====== Available data

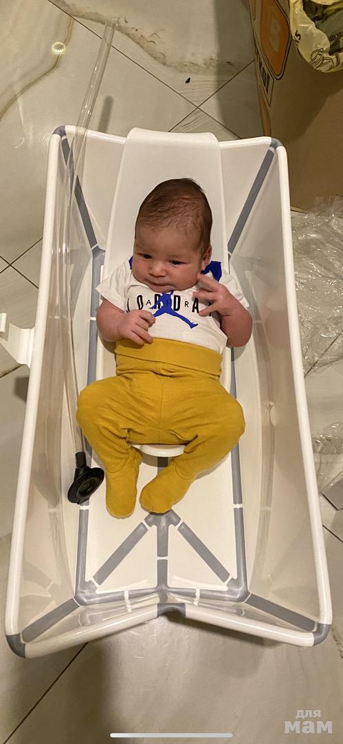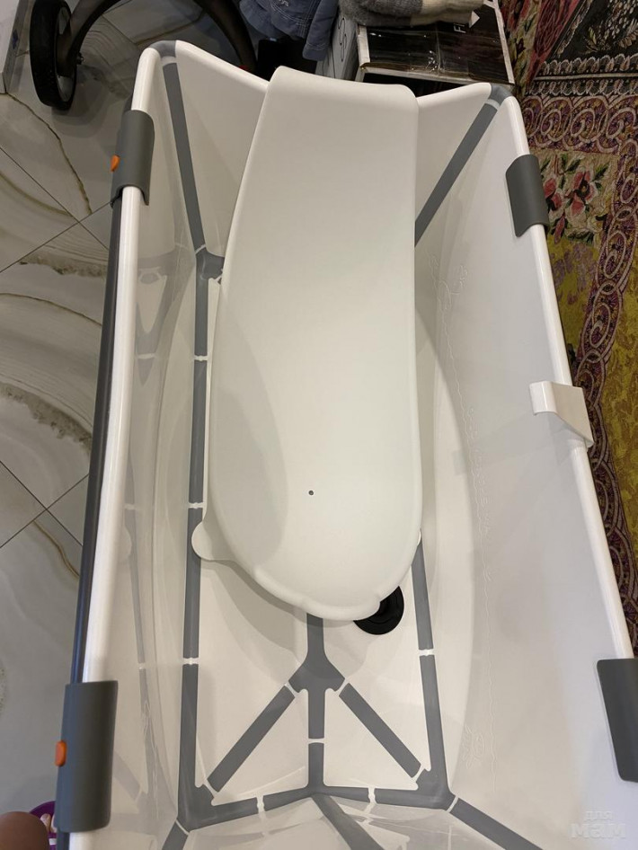 В наличие с подставкой, в комплекте удерживающая горка для малыша, пробка меняющая цвет, если вожу слишком горячая для малыша. Очень удобная вещь. После 1 малыша. Есть коробки от всего. Состояние идеальное.
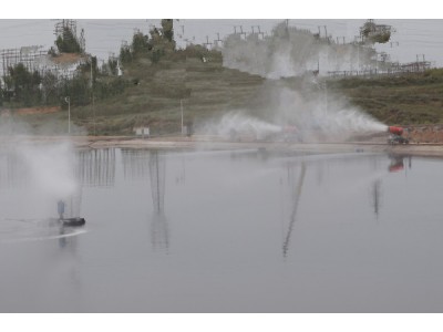 立式噴霧機(jī):架設(shè)于蒸發(fā)塘岸邊,進(jìn)行污水霧化蒸發(fā)。
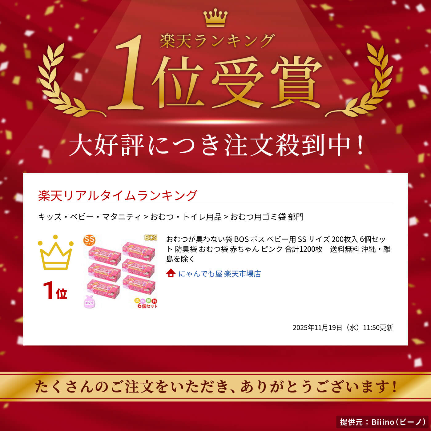 おむつが臭わない袋 BOS ボス ベビー用 SS サイズ 200枚入 6個セット 防臭袋 おむつ袋 赤ちゃん ピンク 合計1200枚 送料無料 沖縄・離島を除く うんち以外の臭いにも効果あり。菌も漏らさず安心。もちろん、日本製。 驚くほど臭いません!(゜ロ゜ノ)ノ 菌も通さず、衛生的!∩(≧∇≦)∩ 使いやすさにもこだわりました!v(°∇^*)♪ 使用済みオムツの臭いで困っている人へ!(o>艸 生ゴミの臭いで困っている人へ!(*゜0゜) ペットのうんちの臭いで困っている人へ!(=゜ω゜=;) 1 関連商品はこちらおむつが臭わない袋 BOS ボス ベビー用 ...8,870円おむつが臭わない袋 BOS ボス ベビー用 ...6,499円うんちが臭わない袋 BOS ボス ペット用 ...7,880円うんちが臭わない袋 BOS ボス ペット用 ...8,970円うんちが臭わない袋 BOS ボス ペット用 ...7,880円うんちが臭わない袋 BOS ボス ペット用 ...8,970円生ゴミが臭わない袋 BOS ボス 生ゴミ 処...6,860円生ゴミが臭わない袋 BOS ボス 生ゴミ 処...6,499円生ゴミが臭わない袋 BOS ボス 生ゴミ 処...7,880円
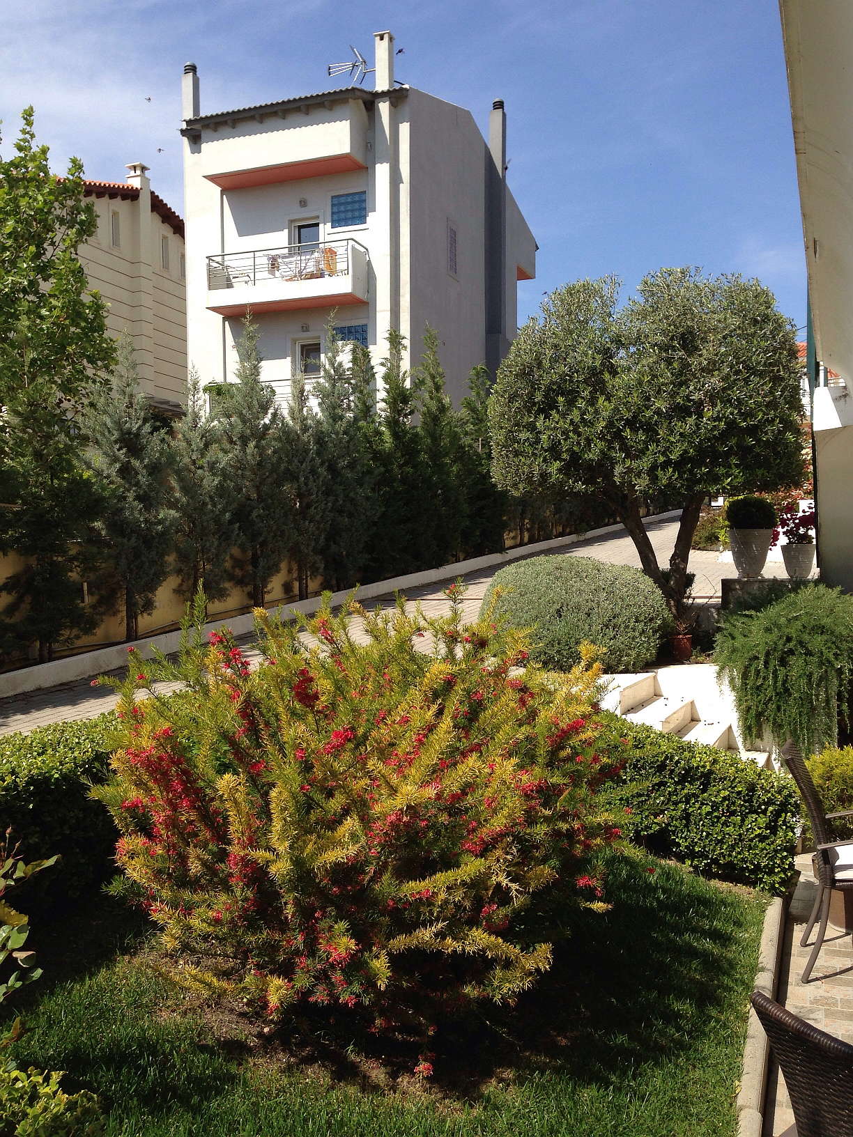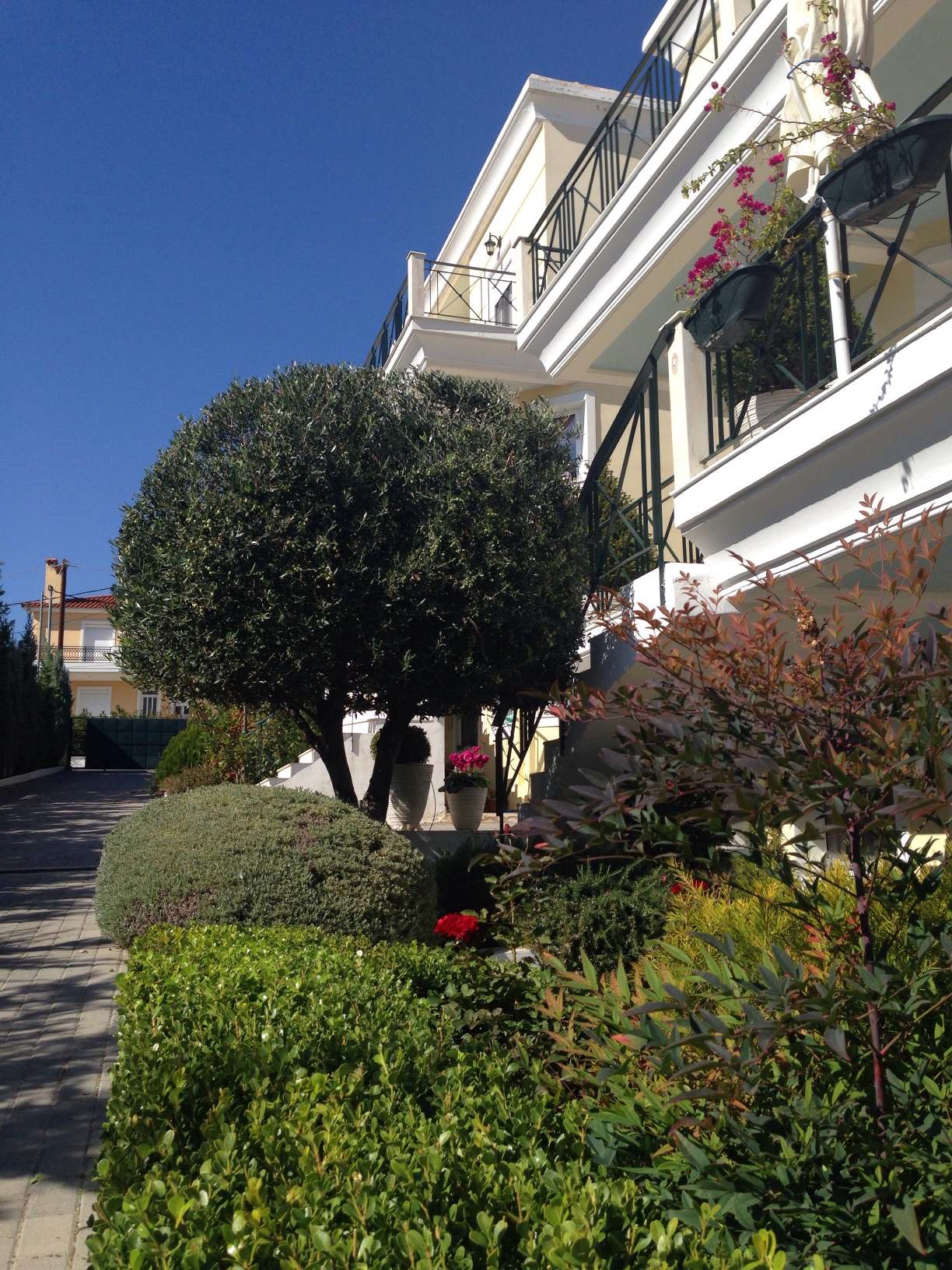Έμφαση δόθηκε και στα μπαλκόνια των μεζονετών με την προσθήκη πλαστικών γλαστρών Ιταλίας – της γνωστής εταιρείας Serralunga , εξαιρετικής ποιότητας πήλινων γλαστρών τονίζοντας τις Δάφνες Απόλλωνος , την Γαρδένια ,τα Leylandii Spiral , τους Τάξους Πυραμίδα , τις Orchid cymbidium .
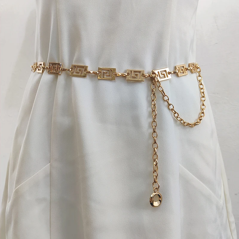 "Retro Style Women's Metal Waist Chain Accessories Decorative Golden Chain belt Goth Silver Waistband Adjustable Belts "

============

• Assigned task: Needed here is a verbatim copy of the data from the first line through the line with "おむつが臭わない袋 BOS ボス ベビー用 SS", without pictures.

• Task answer:
 В наличие с подставкой, в комплекте удерживающая горка для малыша, пробка меняющая цвет, если вожу слишком горячая для малыша. Очень удобная вещь. После 1 малыша. Есть коробки от всего. Состояние идеальное.
 立式噴霧機(jī):架設(shè)于蒸發(fā)塘岸邊,進(jìn)行污水霧化蒸發(fā)。
 おむつが臭わない袋 BOS ボス ベビー用 SS サイズ 200枚入 6個セット 防臭袋 おむつ袋 赤ちゃん ピンク 合計1200枚 送料無料 沖縄・離島を除く うんち以外の臭いにも効果あり。菌も漏らさず安心。もちろん、日本製。 驚くほど臭いません!(゜ロ゜ノ)ノ 菌も通さず、衛生的!∩(≧∇≦)∩ 使いやすさにもこだわりました!v(°∇^*)♪ 使用済みオムツの臭いで困っている人へ!(o>艸 生ゴミの臭いで困っている人へ!(*゜0゜) ペットのうんちの臭いで困っている人へ!(=゜ω゜=;) 1 関連商品はこちらおむつが臭わない袋 BOS ボス ベビー用 ...8,870円おむつが臭わない袋 BOS ボス ベビー用 ...6,499円うんちが臭わない袋 BOS ボス ペット用 ...7,880円うんちが臭わない袋 BOS ボス ペット用 ...8,970円うんちが臭わない袋 BOS ボス ペット用 ...7,880円うんちが臭わない袋 BOS ボス ペット用 ...8,970円生ゴミが臭わない袋 BOS ボス 生ゴミ 処...6,860円生ゴミが臭わない袋 BOS ボス 生ゴミ 処...6,499円生ゴミが臭わない袋 BOS ボス 生ゴミ 処...7,880円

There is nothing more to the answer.